Scott Adams, creator of the Dilbert comic strip, tossed a CO2 stink bomb into the "climate change community" last year with this gem: "Dilbert: 'What if I don't trust the climate models?' Settled Scientist: 'Who hired the climate denier?'" The reaction from the "Warmies," especially Michael Mann, creator of the infamous "hockey stick" chart allegedly proving imminent environmental catastrophe, was swift and severe. For supporting President Trump and gently mocking climate alarmists, Adams was attacked online, boycotted, harmed financially, and accused of being a "climate denier" and a "science denier" – great examples of "not unmeaningless."
It is absurd to suggest that anyone can deny the existence of climate or science. Climate change critics are not denying the idea of climate. They are questioning whether the peddlers of "settled climate science" are operating with intact frontal lobes. One prime example: many climate models ignore or minimize a rather indispensable factor – the Sun. In one frequently cited study, which claims that "97% of climate scientists agree," "[t]he two researchers ... exclud[ed] from their survey the thousands of scientists most likely to think that the Sun ... might have something to do with climate on Earth" (p. 13). One comprehensive review of climate change literature states that "current climate models fail to account for a plethora of known Sun-climate connections" (p. 82). Discounting such factors as fluctuations in solar magnetic activity, variations in radiation, and sunspot cycles exposes these models as just so much bovine flatulence (which leftists are still trying to tax).
Expert
Similar to the "settled scientist," the cult of experts and worship of expertise provide a convenient hiding place for innumerable scoundrels and lazy journalists whose ideology overrides their work ethic, their reasoning ability, their common sense, and their "journalistic integrity" (another oxymoron).
The cult of expertise has a long history in the United States, most notably in past democratic presidential administrations. From FDR's "Brain Trust" to JFK's "Best and the Brightest," politicians have drawn their advisers and specialists primarily from the ranks of unelected Deep State bureaucrats, Ivy League intellectualoids, top-echelon business tycoons and financiers, and the journalistic elite.
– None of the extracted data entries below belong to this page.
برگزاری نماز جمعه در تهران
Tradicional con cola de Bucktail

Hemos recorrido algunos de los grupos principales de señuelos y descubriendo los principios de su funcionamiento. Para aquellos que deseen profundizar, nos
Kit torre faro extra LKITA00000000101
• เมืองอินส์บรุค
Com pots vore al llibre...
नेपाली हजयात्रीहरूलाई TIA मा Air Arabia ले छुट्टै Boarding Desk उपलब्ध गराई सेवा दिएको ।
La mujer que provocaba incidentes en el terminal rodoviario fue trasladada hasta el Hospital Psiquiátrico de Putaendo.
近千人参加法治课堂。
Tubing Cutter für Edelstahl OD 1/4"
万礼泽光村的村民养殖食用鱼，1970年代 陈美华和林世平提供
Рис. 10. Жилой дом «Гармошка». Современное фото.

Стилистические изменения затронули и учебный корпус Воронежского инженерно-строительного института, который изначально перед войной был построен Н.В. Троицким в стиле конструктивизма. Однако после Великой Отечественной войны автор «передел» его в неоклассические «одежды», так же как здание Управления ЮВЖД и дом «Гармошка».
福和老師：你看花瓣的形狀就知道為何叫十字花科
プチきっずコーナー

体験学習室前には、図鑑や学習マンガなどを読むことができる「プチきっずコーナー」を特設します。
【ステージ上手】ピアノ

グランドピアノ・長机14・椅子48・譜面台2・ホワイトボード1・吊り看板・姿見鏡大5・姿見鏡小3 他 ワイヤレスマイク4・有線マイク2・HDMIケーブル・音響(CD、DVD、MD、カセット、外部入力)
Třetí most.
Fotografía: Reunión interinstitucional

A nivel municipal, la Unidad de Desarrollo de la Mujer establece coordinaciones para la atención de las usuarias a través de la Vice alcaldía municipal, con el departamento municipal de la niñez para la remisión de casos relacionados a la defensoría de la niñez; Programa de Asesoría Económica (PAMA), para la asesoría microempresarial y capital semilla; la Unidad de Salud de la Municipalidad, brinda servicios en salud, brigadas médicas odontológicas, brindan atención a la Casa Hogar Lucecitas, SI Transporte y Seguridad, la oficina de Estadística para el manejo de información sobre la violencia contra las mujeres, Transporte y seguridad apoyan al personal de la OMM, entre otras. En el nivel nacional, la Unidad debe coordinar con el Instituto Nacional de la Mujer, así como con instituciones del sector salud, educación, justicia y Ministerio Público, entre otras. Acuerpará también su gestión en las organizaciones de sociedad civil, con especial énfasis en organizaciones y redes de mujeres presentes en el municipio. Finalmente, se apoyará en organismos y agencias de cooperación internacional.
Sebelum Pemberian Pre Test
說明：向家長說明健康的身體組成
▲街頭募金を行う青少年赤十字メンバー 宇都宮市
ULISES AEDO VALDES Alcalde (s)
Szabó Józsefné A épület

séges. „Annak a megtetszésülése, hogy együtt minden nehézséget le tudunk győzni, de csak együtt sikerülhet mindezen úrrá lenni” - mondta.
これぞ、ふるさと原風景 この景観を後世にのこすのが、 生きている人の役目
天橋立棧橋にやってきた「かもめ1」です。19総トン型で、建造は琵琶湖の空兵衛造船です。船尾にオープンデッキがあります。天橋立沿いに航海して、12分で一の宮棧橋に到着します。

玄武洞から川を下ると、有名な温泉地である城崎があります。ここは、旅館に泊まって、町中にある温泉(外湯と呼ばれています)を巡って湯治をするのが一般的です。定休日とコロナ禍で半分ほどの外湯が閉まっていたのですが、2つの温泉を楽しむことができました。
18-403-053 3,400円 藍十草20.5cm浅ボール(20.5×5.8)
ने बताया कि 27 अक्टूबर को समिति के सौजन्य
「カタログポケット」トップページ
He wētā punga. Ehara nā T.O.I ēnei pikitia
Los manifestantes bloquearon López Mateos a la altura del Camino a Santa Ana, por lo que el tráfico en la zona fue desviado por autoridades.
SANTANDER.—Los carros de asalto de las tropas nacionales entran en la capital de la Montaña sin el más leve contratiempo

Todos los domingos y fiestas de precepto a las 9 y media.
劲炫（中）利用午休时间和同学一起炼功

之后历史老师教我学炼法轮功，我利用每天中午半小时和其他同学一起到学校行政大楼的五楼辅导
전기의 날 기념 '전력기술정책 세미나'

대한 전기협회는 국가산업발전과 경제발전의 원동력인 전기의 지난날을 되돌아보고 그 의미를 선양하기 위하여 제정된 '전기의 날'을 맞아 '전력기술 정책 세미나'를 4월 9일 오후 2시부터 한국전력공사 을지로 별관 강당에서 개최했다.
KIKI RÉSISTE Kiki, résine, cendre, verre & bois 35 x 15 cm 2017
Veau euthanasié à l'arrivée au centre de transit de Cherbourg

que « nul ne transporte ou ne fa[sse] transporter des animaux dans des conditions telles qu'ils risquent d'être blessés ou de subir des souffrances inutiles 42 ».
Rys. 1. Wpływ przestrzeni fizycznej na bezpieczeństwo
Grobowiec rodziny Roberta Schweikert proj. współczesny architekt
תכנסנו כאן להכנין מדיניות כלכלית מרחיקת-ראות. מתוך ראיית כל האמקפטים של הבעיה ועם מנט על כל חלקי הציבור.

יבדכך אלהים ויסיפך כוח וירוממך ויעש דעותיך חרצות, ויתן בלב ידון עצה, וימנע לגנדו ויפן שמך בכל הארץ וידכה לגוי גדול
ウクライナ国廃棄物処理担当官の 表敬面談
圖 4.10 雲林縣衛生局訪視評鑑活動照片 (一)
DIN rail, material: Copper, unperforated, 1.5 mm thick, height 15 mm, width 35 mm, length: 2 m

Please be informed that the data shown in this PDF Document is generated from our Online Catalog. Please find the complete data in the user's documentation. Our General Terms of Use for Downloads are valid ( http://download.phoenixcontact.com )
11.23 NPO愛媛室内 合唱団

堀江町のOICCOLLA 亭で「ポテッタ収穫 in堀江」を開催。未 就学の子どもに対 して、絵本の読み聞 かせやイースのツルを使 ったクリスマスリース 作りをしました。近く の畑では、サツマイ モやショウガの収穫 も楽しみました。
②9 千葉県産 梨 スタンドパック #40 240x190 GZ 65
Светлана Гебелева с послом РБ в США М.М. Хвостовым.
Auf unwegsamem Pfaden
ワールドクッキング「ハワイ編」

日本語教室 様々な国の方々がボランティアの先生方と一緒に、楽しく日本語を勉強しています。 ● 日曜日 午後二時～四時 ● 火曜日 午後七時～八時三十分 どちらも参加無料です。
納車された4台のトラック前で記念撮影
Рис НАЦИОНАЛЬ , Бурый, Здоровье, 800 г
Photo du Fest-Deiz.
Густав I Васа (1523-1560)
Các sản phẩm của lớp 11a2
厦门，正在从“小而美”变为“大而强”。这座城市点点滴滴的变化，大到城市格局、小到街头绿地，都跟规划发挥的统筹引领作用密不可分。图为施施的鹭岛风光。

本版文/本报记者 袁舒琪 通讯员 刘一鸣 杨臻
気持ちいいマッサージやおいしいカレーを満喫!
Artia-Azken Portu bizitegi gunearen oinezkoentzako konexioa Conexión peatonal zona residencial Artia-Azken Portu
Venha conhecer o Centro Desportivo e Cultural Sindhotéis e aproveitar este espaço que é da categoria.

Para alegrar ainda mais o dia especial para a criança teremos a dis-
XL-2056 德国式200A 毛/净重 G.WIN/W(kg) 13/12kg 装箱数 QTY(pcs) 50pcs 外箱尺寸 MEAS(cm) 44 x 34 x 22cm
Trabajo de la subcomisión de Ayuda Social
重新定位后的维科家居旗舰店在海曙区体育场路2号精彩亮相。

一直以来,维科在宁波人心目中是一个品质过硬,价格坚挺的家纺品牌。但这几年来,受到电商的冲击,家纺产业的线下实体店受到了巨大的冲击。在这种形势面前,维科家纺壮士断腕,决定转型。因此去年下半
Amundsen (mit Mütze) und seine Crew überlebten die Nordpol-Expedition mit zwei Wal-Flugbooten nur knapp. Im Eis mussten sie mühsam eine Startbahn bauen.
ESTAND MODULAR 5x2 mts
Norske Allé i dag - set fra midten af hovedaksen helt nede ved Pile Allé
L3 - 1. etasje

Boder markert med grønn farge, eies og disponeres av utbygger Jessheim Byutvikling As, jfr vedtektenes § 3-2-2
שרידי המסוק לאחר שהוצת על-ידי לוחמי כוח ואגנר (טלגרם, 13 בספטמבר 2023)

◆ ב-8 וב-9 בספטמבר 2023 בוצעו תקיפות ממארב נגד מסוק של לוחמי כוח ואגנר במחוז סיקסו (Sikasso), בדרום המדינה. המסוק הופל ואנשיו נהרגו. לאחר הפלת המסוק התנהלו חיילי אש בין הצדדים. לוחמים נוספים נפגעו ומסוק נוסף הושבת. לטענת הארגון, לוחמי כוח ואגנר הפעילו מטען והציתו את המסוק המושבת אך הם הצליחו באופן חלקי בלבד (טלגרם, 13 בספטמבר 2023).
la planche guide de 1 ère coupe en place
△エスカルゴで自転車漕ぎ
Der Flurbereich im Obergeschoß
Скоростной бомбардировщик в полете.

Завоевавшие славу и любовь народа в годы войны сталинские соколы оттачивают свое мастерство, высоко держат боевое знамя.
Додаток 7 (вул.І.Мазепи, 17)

These government elitists, academics, and technocrats believe they are entitled to rule society through "scientific management and technical expertise" – not to mention by right of their moral superiority over us deplorables.
Anonymous Source
Another, but more elusive, member of the "experts" tribe is the "anonymous source." Some of these are so shadowy that we need to question their very existence. For journalists to rely so heavily on unnamed sources is rather like scientists refusing to reveal their hypotheses and methodologies to avoid challenges to their findings. Sort of like "settled scientists." I suspect that many "anonymous sources" are nothing more than excuses for lazy journalists hiding their true source: "I just made this up."
Throw under the Bus
On a lighter note, I don't know where this bus is, or where it's going, but it's getting mighty crowded under there.
That's Not Unmeaningless
Finally, for anyone still puzzling over the title of this article, just look at it mathematically. The "not" and the "un" simply cancel each other out, leaving behind its true meaning. But they provide an extra dimension of confusion and bewilderment, which is the point.
When it comes to deciphering The Politics of Meaning, beware the meaninglessness of the left.